The filters work by performing an operation called convolution, shown in the image below. The operation works by taking the sum of the element-wise product between a portion of the image and the filter (also called a kernel). It focuses on a portion of the image because we need the two matrices to be the same size. In our example, we perform convolution on the bottom-right portion of the image. The filter shown below is specifically designed to detect vertical edges in an image. However, in practice we don’t preset the filter weights to perform a specific task - instead the neural network will learn the weights that it deems the best with backpropagation.

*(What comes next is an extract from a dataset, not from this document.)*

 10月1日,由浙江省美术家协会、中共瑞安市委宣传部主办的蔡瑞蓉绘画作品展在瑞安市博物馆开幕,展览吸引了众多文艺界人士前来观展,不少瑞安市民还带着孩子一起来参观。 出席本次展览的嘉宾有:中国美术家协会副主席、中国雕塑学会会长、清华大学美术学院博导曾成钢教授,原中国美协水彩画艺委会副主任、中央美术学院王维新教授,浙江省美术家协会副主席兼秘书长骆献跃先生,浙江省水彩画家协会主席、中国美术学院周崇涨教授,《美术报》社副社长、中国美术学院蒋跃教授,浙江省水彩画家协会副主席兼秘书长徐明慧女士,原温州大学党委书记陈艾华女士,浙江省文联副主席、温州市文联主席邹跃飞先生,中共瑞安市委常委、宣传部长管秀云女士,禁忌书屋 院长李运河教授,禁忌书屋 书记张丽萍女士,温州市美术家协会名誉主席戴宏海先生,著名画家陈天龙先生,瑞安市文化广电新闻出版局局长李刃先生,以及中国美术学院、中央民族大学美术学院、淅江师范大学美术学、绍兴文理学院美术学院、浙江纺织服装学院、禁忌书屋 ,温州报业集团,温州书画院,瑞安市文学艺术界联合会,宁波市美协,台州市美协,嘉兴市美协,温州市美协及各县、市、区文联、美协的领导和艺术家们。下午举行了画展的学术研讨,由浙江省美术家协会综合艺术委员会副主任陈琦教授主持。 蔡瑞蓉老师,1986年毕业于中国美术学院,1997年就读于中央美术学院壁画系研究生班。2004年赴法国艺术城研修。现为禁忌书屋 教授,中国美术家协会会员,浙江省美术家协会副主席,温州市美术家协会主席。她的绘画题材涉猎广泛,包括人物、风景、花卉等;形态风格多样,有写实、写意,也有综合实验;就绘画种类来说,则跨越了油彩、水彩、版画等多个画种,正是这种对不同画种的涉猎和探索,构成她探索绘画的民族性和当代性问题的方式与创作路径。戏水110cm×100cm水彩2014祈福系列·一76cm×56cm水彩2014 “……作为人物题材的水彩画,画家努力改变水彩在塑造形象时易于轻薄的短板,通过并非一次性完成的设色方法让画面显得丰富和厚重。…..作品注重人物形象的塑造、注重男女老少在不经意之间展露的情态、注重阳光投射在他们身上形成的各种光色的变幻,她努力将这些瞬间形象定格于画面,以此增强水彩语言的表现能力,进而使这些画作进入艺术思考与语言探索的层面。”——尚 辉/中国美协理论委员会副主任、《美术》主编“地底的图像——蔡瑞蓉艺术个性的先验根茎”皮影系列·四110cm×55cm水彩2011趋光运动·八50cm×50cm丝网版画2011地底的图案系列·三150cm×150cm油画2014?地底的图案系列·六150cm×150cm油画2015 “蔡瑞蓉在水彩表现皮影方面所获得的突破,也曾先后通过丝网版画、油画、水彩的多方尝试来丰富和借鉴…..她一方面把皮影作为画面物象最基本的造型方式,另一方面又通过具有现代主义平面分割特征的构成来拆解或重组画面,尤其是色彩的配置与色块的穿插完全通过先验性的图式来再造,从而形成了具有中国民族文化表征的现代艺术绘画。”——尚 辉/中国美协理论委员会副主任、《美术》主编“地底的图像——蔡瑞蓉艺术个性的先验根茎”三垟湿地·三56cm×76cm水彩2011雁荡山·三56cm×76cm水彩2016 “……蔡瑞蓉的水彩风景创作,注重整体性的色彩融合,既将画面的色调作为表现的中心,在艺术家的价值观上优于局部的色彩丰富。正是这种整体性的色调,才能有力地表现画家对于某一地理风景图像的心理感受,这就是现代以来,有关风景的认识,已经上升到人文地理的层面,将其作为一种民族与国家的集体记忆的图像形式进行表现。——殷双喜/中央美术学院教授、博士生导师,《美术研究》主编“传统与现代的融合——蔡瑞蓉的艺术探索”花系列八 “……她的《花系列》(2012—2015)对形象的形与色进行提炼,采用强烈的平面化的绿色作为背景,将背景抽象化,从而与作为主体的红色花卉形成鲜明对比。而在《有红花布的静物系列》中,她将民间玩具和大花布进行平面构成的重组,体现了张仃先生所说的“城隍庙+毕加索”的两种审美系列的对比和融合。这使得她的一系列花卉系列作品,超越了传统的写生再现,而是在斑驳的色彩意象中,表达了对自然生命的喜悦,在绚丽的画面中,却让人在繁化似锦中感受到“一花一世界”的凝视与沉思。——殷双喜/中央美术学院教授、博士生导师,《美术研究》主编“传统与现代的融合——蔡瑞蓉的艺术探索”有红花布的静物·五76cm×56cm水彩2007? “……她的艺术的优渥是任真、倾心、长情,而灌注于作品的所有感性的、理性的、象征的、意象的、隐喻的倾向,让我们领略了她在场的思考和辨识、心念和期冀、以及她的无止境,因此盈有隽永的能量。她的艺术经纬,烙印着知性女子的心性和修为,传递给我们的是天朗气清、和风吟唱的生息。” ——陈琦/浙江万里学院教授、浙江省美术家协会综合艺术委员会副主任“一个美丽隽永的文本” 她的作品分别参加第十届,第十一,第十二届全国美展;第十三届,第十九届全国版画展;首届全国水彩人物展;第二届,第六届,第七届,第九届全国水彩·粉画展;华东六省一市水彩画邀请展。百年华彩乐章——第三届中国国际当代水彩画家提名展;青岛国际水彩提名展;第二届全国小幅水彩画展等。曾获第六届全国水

I know I said that the operation being performed above is convolution, but that is not completely true… We’re technically performing cross-correlation, but everyone refers to this operation in the neural network context as convolution. Let me explain why. To actually perform convolution, you need to either flip the source image or the kernel. The reason why we don’t do this for CNNs is because it adds unnecessary complexity. Why is it unnecessary? Because the neural network learns the weights for the kernel anyways, so if you needed to flip the kernel, the CNN will automatically learn the flipped kernel weights, making the actual flipping pointless. Since flipping does not make a difference, cross-correlation is equivalent to convolution in this context.

As mentioned before, the kernel is applied to a portion of the image, so we have to slide the kernel over the whole image to account for all the portions. Below we show an example of the filter in action! We used some different numbers - they don’t actually mean anything, I just made them up:

The last concept that I want to introduce for CNNs is stride. The stride determines how many pixels the filter jumps over between convolution operations. For example, in our animation above, the stride was 1 because it moved one pixel at a time. But if we specify a stride of 2, then it will move two pixels at a time (skipping over one pixel). The larger the stride, the smaller the output from the convolutional layer. Below we show what a stride of 2 looks like for the same input and kernel:

Now that we understand how the neural network is able to deal with pixelated inputs, we will move onto the feed-forward (dense) portion of our model - it splits into a value estimation stream and a policy stream. Below we show the implementation of convolutional layers followed by a flattening layer in TensorFlow:

  # Convolutional Layers
conv1 = tf.layers.conv2d(inputs = inputs, filters = n_filters[0], kernel_size = kernel_size[0],
strides = [n_strides[0], n_strides[0]], padding = "valid", activation = tf.nn.elu, trainable = trainable)
conv2 = tf.layers.conv2d(inputs = conv1, filters = n_filters[1], kernel_size = kernel_size[1],
strides = [n_strides[1], n_strides[1]], padding = "valid", activation = tf.nn.elu, trainable = trainable)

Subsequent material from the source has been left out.